> [ABOUT THIS EXERCISE] Reproduce all entries below verbatim. Skip the pictures.

> [EXTRACTED INFORMATION]
========
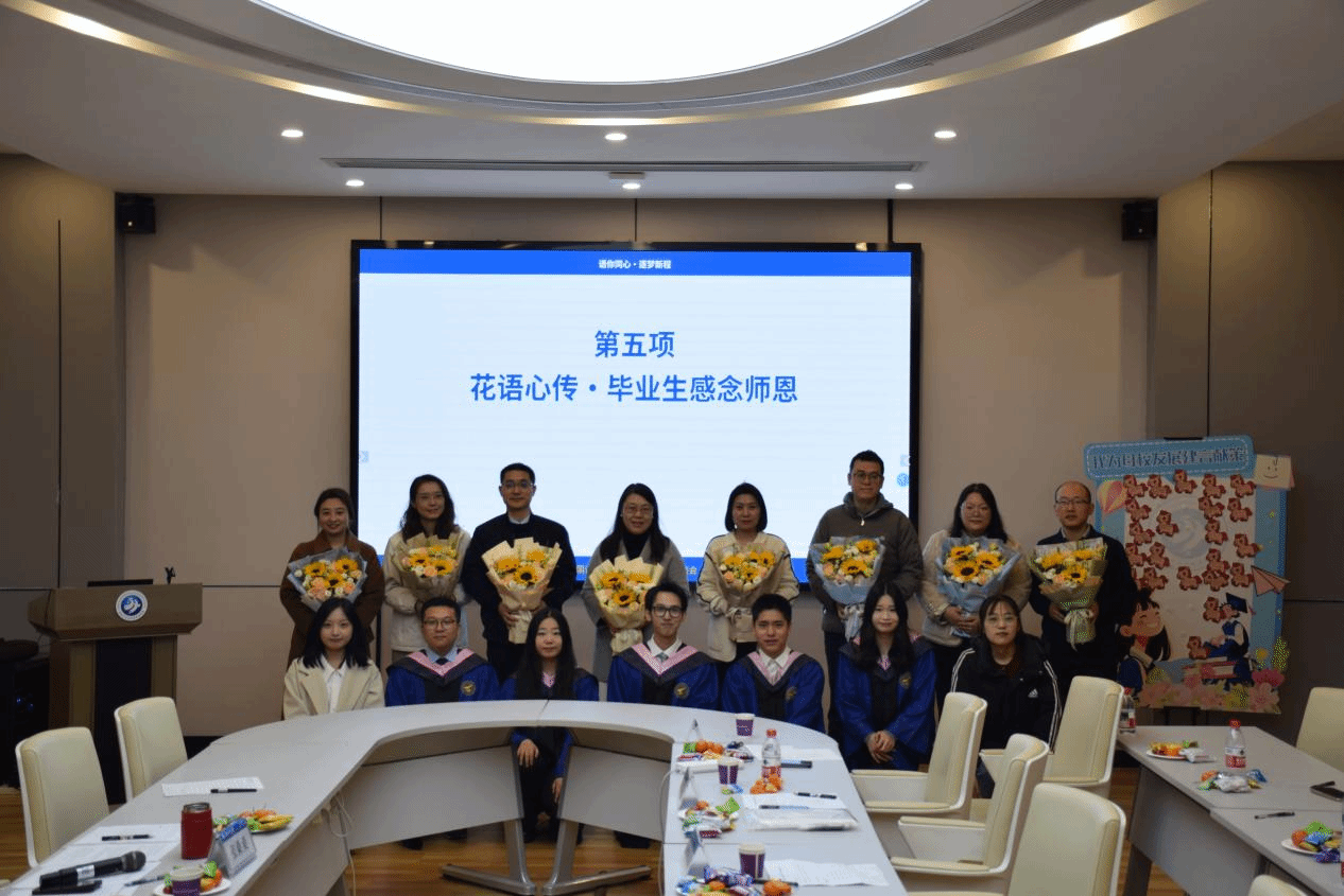面对即将踏上人生新征程的学子,导师代表王均松、王倩、车向前、王譞等送上深情寄语。他们强调,毕业从来不是人生的终点,而是开启全新旅程的新起点。在这个充满不确定性的时代,希望同学们始终保持身心健康,持续学习,不断培养独立的逻辑思维和批判性精神,从容应对未来的各种挑战。随后,在“花语心传”环节,毕业生代表为老师献上鲜花,以表感恩之情。
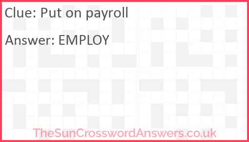 Put on payroll is a crossword clue for which we have 1 possible answer and we have spotted 5 times in our database. This crossword clue was last seen on 30 April 2023 in The Sun Coffee Time Crossword puzzle!
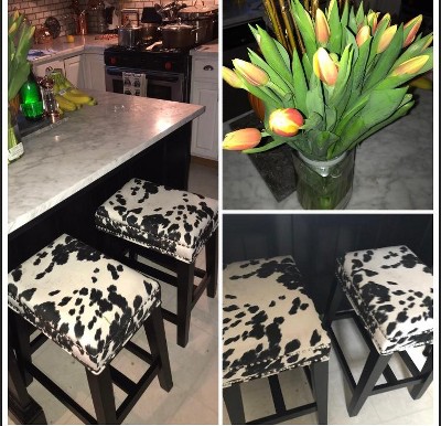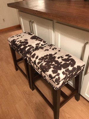 A: The legs on the black cow print still are black. The brown and grey stools are walnut finish.
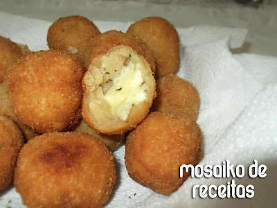 Pessoal, eu estou COMPLETAMENTE sem tempo de tudo. Mil coisas novas no trabalho, apresento meu trabalho de conclusão de semeste esse sábado, quase não estou tendo tempo com tantas preocupações juntas. Peço desculpas pelo sumiço, fico com o coraçãozinho apertado vendo tanta receita linda que as amigas e amigos estão preparando e eu não estou deixando um comentário carinhoso em todas elas :( Mas as férias estão aí e se Deus quiser a semana que vem já respiro bem melhor e posso voltar a me dedicar ao blog. Como não poderia deixar vocês na mão, trago uma receitinha maravilhosa. Essas bolinhas de queijo eu vi no Panelaterapia e a receita me ganhou pela simplicidade. Lá vocês encontram um passo a passo super explicativo. A receita original vocês encontram aqui. As bolinhas ficaram super sequinhas, crocantes e deliciosas. O orégano dá um super toque no recheio, não deixem de usar. Depois das Coxinhas, bolinhas de queijo são meu salgadinho preferido :)
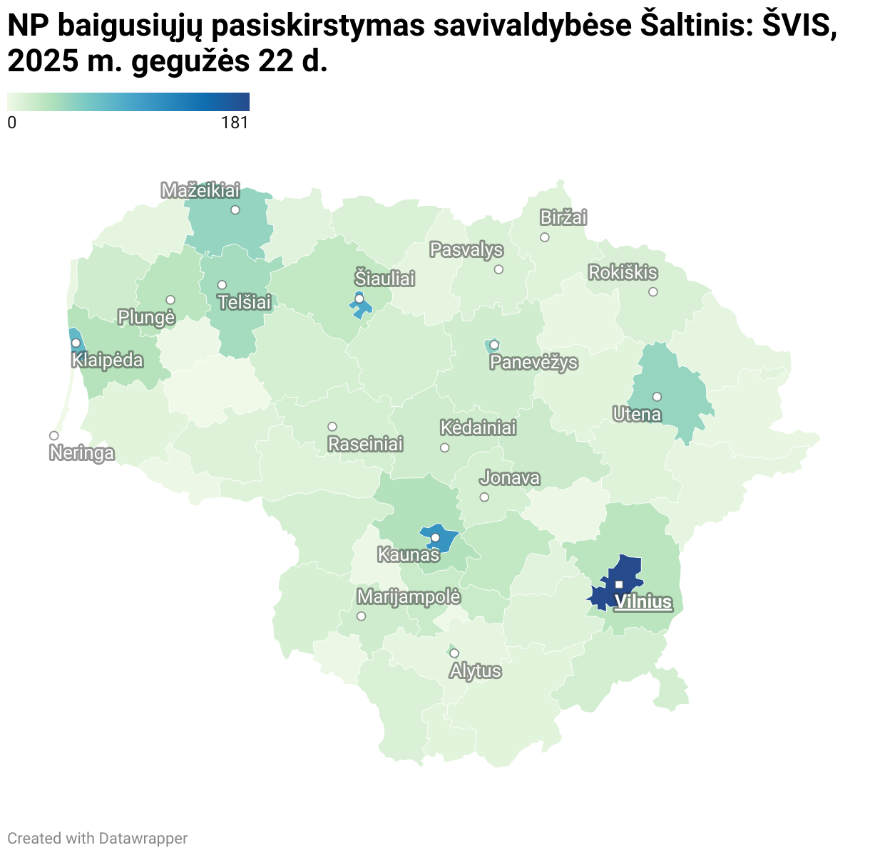 NP baigusiųjų pasiskirstymas savivaldybėse Šaltinis: ŠVIS, 2025 m. gegužės 22 d.
========
> [EXERCISE RESULT]
面对即将踏上人生新征程的学子,导师代表王均松、王倩、车向前、王譞等送上深情寄语。他们强调,毕业从来不是人生的终点,而是开启全新旅程的新起点。在这个充满不确定性的时代,希望同学们始终保持身心健康,持续学习,不断培养独立的逻辑思维和批判性精神,从容应对未来的各种挑战。随后,在“花语心传”环节,毕业生代表为老师献上鲜花,以表感恩之情。
 Put on payroll is a crossword clue for which we have 1 possible answer and we have spotted 5 times in our database. This crossword clue was last seen on 30 April 2023 in The Sun Coffee Time Crossword puzzle!
 A: The legs on the black cow print still are black. The brown and grey stools are walnut finish.
 Pessoal, eu estou COMPLETAMENTE sem tempo de tudo. Mil coisas novas no trabalho, apresento meu trabalho de conclusão de semeste esse sábado, quase não estou tendo tempo com tantas preocupações juntas. Peço desculpas pelo sumiço, fico com o coraçãozinho apertado vendo tanta receita linda que as amigas e amigos estão preparando e eu não estou deixando um comentário carinhoso em todas elas :( Mas as férias estão aí e se Deus quiser a semana que vem já respiro bem melhor e posso voltar a me dedicar ao blog. Como não poderia deixar vocês na mão, trago uma receitinha maravilhosa. Essas bolinhas de queijo eu vi no Panelaterapia e a receita me ganhou pela simplicidade. Lá vocês encontram um passo a passo super explicativo. A receita original vocês encontram aqui. As bolinhas ficaram super sequinhas, crocantes e deliciosas. O orégano dá um super toque no recheio, não deixem de usar. Depois das Coxinhas, bolinhas de queijo são meu salgadinho preferido :)
 NP baigusiųjų pasiskirstymas savivaldybėse Šaltinis: ŠVIS, 2025 m. gegužės 22 d.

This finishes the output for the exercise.